What a log record contains
| Field | Description |
|---|
timestamp | When the event occurred |
severity | The log level (see below) |
service_name | The service that emitted this log |
body | The log message text |
attributes | Structured JSON fields for additional context |
trace_id | Optional — links this log to a distributed trace |
span_id | Optional — links this log to a specific span within the trace |
Severity levels
AgentVista stores logs at six severity levels, matching the OpenTelemetry log data model:
| Level | When to use |
|---|
trace | Fine-grained debugging information, usually disabled in production |
debug | Diagnostic information useful during development |
info | Normal operational events |
warn | Unexpected conditions that didn’t cause a failure |
error | Failures that affected a specific operation |
fatal | Failures that caused the service to stop |
Searching logs
The log explorer supports full-text search on the body field. You can filter by severity, service_name, and time range to narrow down to the events you care about.
Log-to-trace correlation
When a log record includes a trace_id, AgentVista links it to the corresponding trace. From the log explorer, click any log line that has a trace_id to open the full trace waterfall — including all AI spans and infrastructure spans that were active when the log was emitted.
This answers the question that separate tooling can’t: was this error caused by the agent logic, the LLM call, or the database? When you can jump from an error-level log directly to the trace that contains it, the answer is usually obvious.
error log: "Timeout waiting for database response" (service: api, trace_id: a1b2c3d4)
↓
Trace a1b2c3d4:
[agent] "support-bot" 0ms ─────────────────────── 5200ms FAILED
[llm] "extract-intent" 10ms ────── 380ms
[tool] "fetch-ticket" 400ms ──────────────────── 5100ms FAILED
[db] "SELECT FROM tickets..." 400ms ─────────────────── 5000ms FAILED
↑ timeout here
Sending logs via OTLP
Add a logs pipeline to your Collector config (shown above) and point your application’s logging library at the Collector:
# Using the OpenTelemetry Python logging handler
from opentelemetry._logs import set_logger_provider
from opentelemetry.exporter.otlp.proto.grpc._log_exporter import OTLPLogExporter
from opentelemetry.sdk._logs import LoggerProvider, LoggingHandler
from opentelemetry.sdk._logs.export import BatchLogRecordProcessor
import logging
provider = LoggerProvider()
set_logger_provider(provider)
exporter = OTLPLogExporter(endpoint="http://localhost:4317", insecure=True)

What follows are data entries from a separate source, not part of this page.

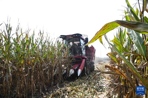 10月14日,河南省濟源市五龍口鎮(zhèn)農(nóng)民駕駛農(nóng)機在田間搶收玉米。(新華社發(fā) 苗秋鬧 攝)
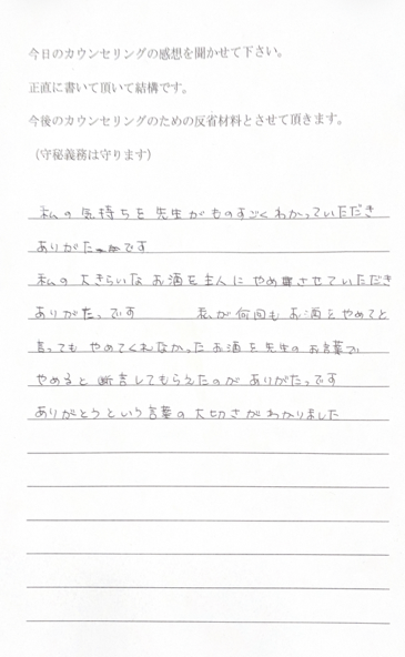 私が何回もお酒をやめてと言ってもやめてくれなかった。お酒を先生のお言葉で辞めると断言してもらったのがありがたかったです。
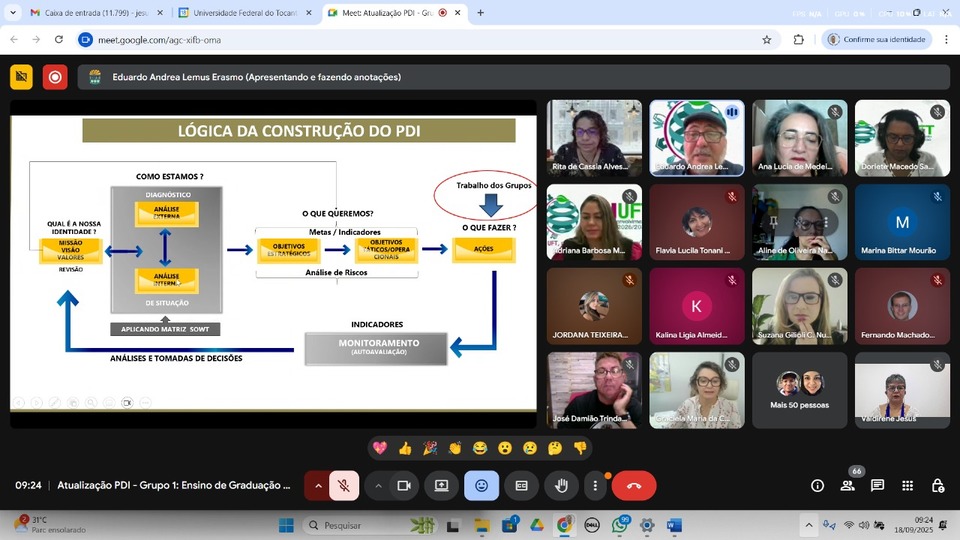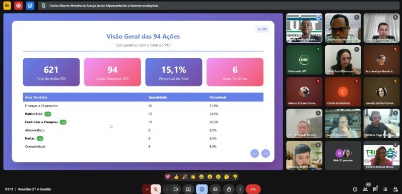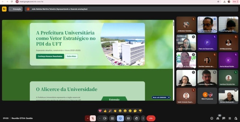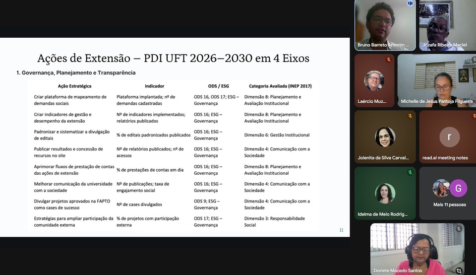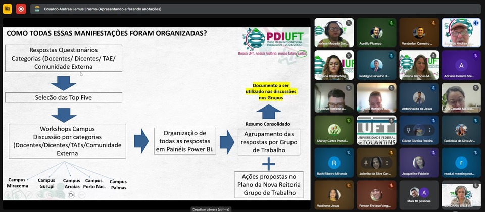 Entre os dias 5 de setembro e 10 de outubro de 2025, a Universidade Federal do Tocantins (UFT) realizou o ciclo de reuniões remotas para a construção das ações estratégicas do Plano de Desenvolvimento Institucional (PDI) 2026–2030. A iniciativa contou com a participação produtiva de 513 pessoas, entre docentes, técnicos, estudantes e gestores(as), organizados em cinco Grupos de Trabalho (GTs) temáticos.
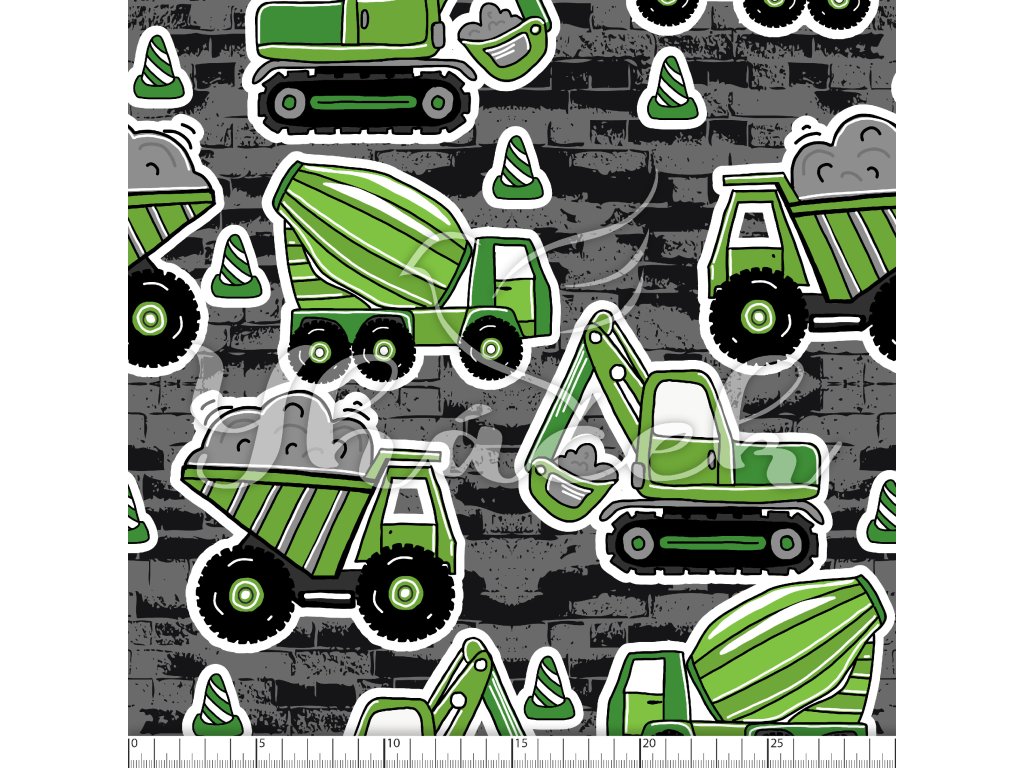 Zakázkový tisk, softshell, kočárkovina... Stavební stroje zelené

provider.add_log_record_processor(BatchLogRecordProcessor(exporter))
handler = LoggingHandler(level=logging.INFO, logger_provider=provider)
logging.getLogger().addHandler(handler)
# Now all Python log calls flow to AgentVista via the Collector
logging.info("Ticket processed", extra={"ticket_id": "8821"})
logging.error("Database timeout", extra={"query": "SELECT...", "duration_ms": 5000})
// Using the OpenTelemetry JS logging SDK
import { LoggerProvider } from '@opentelemetry/sdk-logs';
import { OTLPLogExporter } from '@opentelemetry/exporter-logs-otlp-grpc';
import { BatchLogRecordProcessor } from '@opentelemetry/sdk-logs';
const provider = new LoggerProvider();
provider.addLogRecordProcessor(
new BatchLogRecordProcessor(
new OTLPLogExporter({ url: 'http://localhost:4317' })
)
);
const logger = provider.getLogger('my-service');
logger.emit({
severityText: 'INFO',
body: 'Ticket processed',
attributes: { ticket_id: '8821' },
});
If you already run Grafana, Loki, or another log aggregator, you can run both in parallel during migration. The OpenTelemetry Collector supports multiple exporters — point it at AgentVista and your existing destination simultaneously until you’re ready to consolidate.